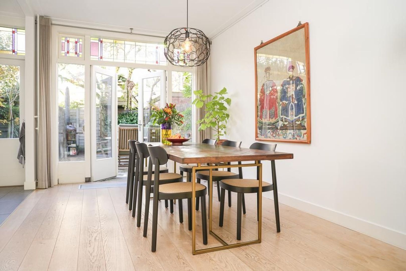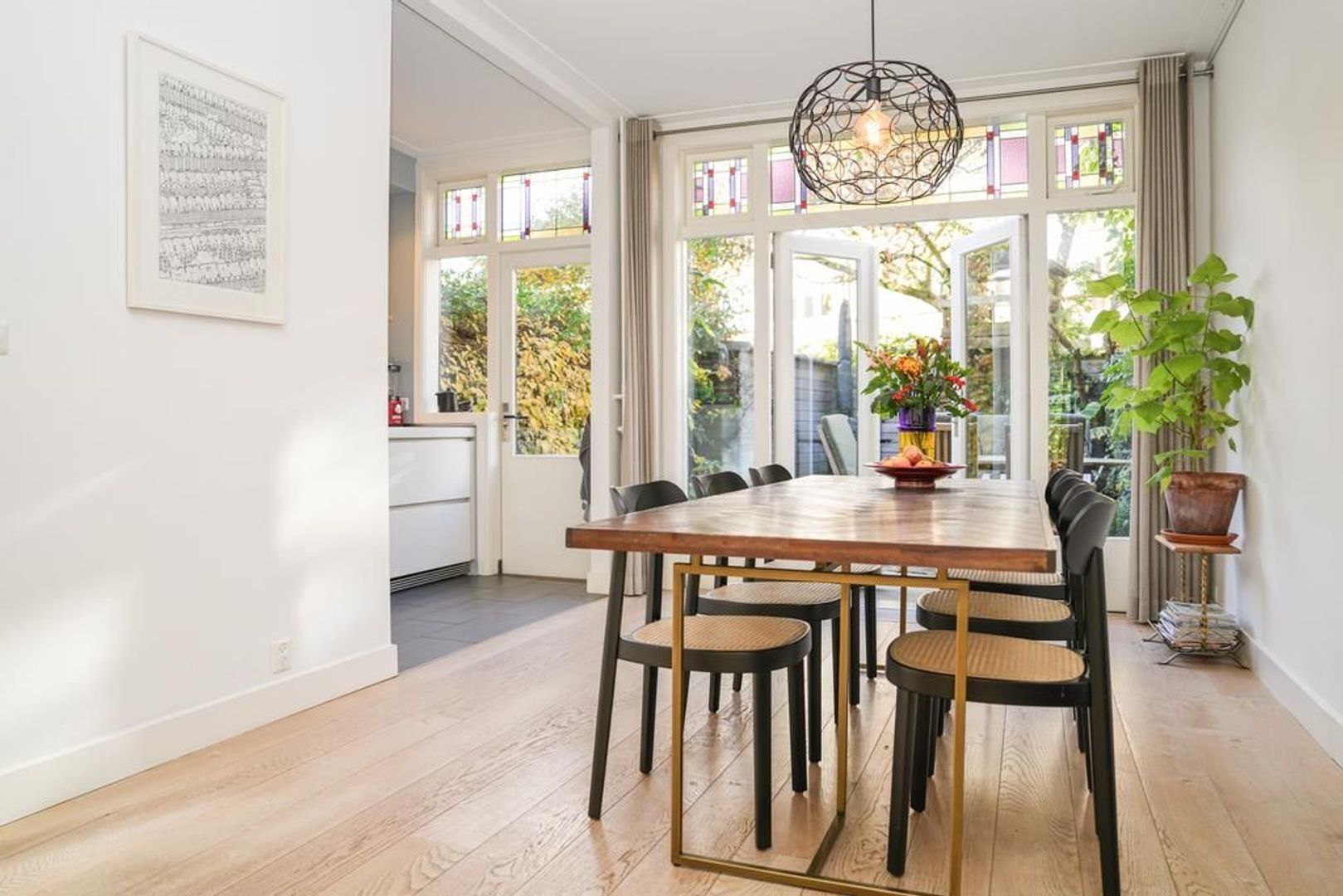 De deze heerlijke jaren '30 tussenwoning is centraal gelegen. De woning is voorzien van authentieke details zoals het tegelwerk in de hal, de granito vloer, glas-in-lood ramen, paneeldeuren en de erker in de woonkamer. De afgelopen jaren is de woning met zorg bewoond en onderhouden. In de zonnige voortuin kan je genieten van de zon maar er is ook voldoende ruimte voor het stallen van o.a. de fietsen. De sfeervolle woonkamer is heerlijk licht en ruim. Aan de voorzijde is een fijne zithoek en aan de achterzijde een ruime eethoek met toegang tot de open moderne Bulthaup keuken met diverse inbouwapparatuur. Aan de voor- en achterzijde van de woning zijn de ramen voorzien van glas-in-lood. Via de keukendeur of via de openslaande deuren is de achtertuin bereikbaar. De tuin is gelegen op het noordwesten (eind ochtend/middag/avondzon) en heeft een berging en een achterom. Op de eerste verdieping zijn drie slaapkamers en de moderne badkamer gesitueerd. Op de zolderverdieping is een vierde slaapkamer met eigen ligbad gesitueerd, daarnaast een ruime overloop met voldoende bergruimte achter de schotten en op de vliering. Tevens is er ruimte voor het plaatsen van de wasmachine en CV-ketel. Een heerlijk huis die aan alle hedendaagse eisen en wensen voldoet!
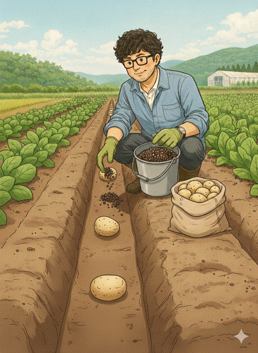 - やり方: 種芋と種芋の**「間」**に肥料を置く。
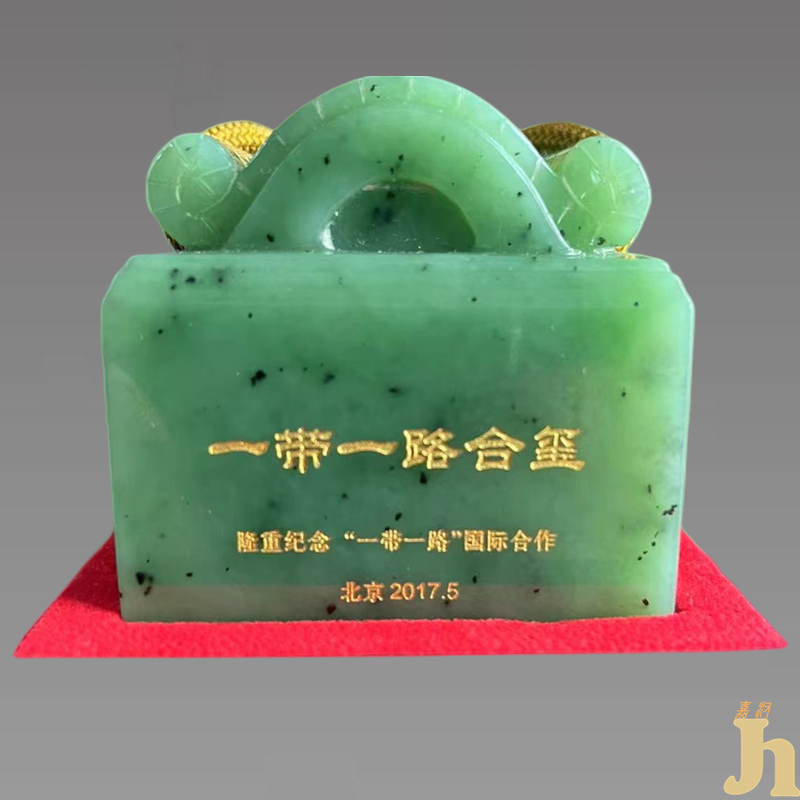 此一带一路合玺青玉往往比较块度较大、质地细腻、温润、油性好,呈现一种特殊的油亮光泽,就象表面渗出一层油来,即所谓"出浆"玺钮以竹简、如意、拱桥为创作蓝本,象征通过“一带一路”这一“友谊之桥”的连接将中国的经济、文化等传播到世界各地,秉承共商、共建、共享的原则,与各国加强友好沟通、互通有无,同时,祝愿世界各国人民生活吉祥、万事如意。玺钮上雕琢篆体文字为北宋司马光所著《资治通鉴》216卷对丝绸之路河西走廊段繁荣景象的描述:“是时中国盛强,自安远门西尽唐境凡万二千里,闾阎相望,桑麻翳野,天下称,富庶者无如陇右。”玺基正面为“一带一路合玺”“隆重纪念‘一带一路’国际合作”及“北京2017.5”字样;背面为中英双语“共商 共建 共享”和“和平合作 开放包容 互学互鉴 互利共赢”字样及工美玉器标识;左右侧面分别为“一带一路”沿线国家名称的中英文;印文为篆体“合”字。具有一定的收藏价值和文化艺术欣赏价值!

==

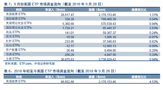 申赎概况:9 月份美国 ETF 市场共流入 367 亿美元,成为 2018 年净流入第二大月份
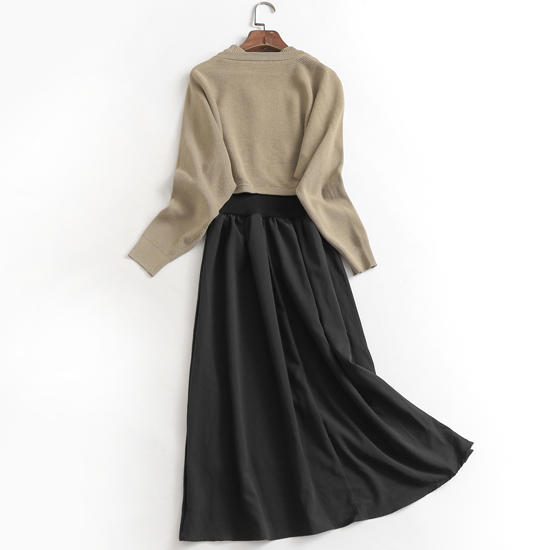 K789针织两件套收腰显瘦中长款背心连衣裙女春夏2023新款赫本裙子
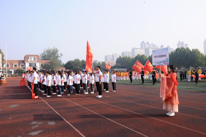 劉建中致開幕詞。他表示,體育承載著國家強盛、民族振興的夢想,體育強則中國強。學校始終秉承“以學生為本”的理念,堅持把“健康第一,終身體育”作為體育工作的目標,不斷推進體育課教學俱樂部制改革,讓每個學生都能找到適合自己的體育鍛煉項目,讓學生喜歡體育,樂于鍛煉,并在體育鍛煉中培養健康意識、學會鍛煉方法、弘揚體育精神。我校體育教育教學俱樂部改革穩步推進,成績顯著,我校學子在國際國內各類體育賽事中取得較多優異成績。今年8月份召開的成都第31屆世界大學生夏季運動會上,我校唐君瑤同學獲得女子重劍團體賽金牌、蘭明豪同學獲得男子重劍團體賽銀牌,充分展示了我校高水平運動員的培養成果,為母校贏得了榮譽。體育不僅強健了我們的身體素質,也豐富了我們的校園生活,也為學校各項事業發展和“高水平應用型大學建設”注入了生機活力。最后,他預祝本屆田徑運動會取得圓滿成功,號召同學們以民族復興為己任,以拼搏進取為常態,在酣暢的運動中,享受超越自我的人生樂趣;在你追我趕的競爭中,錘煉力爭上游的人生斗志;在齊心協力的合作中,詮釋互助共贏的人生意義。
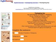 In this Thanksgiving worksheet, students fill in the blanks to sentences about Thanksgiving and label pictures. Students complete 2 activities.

» Directions
Once the line with "K789针织两件套收腰显瘦中长款背心连衣裙女春夏2023新款赫本裙子" is found above, transcribe each line from it through the line with "In this Thanksgiving", exactly, and omit the pictures.

» Reply
 K789针织两件套收腰显瘦中长款背心连衣裙女春夏2023新款赫本裙子
 劉建中致開幕詞。他表示,體育承載著國家強盛、民族振興的夢想,體育強則中國強。學校始終秉承“以學生為本”的理念,堅持把“健康第一,終身體育”作為體育工作的目標,不斷推進體育課教學俱樂部制改革,讓每個學生都能找到適合自己的體育鍛煉項目,讓學生喜歡體育,樂于鍛煉,并在體育鍛煉中培養健康意識、學會鍛煉方法、弘揚體育精神。我校體育教育教學俱樂部改革穩步推進,成績顯著,我校學子在國際國內各類體育賽事中取得較多優異成績。今年8月份召開的成都第31屆世界大學生夏季運動會上,我校唐君瑤同學獲得女子重劍團體賽金牌、蘭明豪同學獲得男子重劍團體賽銀牌,充分展示了我校高水平運動員的培養成果,為母校贏得了榮譽。體育不僅強健了我們的身體素質,也豐富了我們的校園生活,也為學校各項事業發展和“高水平應用型大學建設”注入了生機活力。最后,他預祝本屆田徑運動會取得圓滿成功,號召同學們以民族復興為己任,以拼搏進取為常態,在酣暢的運動中,享受超越自我的人生樂趣;在你追我趕的競爭中,錘煉力爭上游的人生斗志;在齊心協力的合作中,詮釋互助共贏的人生意義。
 In this Thanksgiving worksheet, students fill in the blanks to sentences about Thanksgiving and label pictures. Students complete 2 activities.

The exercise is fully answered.